#### DATA FOR THIS EXERCISE

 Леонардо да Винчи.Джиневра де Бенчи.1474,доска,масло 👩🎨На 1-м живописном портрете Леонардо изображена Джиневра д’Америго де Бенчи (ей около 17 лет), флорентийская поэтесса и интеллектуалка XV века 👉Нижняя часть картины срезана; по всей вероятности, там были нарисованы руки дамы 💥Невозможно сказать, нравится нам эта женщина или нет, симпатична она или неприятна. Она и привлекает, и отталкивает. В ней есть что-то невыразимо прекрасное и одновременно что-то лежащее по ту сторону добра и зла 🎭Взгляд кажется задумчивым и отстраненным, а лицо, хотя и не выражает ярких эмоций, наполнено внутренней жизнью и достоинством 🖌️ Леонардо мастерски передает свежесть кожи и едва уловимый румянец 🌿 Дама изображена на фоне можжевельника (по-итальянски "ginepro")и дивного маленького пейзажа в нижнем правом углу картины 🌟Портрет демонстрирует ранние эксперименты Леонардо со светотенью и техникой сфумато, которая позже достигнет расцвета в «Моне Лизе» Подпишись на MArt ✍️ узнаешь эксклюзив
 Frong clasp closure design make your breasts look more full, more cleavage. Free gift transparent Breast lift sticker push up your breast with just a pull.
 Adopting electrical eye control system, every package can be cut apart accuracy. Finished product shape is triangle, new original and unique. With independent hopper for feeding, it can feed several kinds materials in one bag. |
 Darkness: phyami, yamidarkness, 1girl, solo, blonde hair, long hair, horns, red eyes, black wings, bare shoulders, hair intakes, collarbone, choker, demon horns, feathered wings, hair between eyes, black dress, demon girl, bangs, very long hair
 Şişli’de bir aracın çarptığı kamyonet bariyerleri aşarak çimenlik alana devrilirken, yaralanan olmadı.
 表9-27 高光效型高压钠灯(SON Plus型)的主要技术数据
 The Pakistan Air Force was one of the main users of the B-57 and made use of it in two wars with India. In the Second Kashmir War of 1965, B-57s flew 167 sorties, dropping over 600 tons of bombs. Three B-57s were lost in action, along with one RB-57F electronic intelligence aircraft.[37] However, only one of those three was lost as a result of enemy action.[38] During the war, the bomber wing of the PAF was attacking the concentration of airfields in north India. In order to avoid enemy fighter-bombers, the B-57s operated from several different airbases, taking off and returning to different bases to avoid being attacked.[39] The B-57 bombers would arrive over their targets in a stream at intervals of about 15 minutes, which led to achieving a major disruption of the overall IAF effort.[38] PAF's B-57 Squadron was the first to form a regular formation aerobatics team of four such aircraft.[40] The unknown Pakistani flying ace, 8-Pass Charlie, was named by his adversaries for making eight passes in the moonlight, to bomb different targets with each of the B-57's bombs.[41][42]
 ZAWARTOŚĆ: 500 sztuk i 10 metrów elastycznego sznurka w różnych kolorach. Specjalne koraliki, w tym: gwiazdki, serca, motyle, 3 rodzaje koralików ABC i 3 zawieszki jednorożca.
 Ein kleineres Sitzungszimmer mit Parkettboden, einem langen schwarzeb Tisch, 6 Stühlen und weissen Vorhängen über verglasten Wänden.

#### PROBLEM TO WORK ON
Copy out every line from the data above that has "several" in it.

#### EXERCISE RESULT
 Adopting electrical eye control system, every package can be cut apart accuracy. Finished product shape is triangle, new original and unique. With independent hopper for feeding, it can feed several kinds materials in one bag. |
 The Pakistan Air Force was one of the main users of the B-57 and made use of it in two wars with India. In the Second Kashmir War of 1965, B-57s flew 167 sorties, dropping over 600 tons of bombs. Three B-57s were lost in action, along with one RB-57F electronic intelligence aircraft.[37] However, only one of those three was lost as a result of enemy action.[38] During the war, the bomber wing of the PAF was attacking the concentration of airfields in north India. In order to avoid enemy fighter-bombers, the B-57s operated from several different airbases, taking off and returning to different bases to avoid being attacked.[39] The B-57 bombers would arrive over their targets in a stream at intervals of about 15 minutes, which led to achieving a major disruption of the overall IAF effort.[38] PAF's B-57 Squadron was the first to form a regular formation aerobatics team of four such aircraft.[40] The unknown Pakistani flying ace, 8-Pass Charlie, was named by his adversaries for making eight passes in the moonlight, to bomb different targets with each of the B-57's bombs.[41][42]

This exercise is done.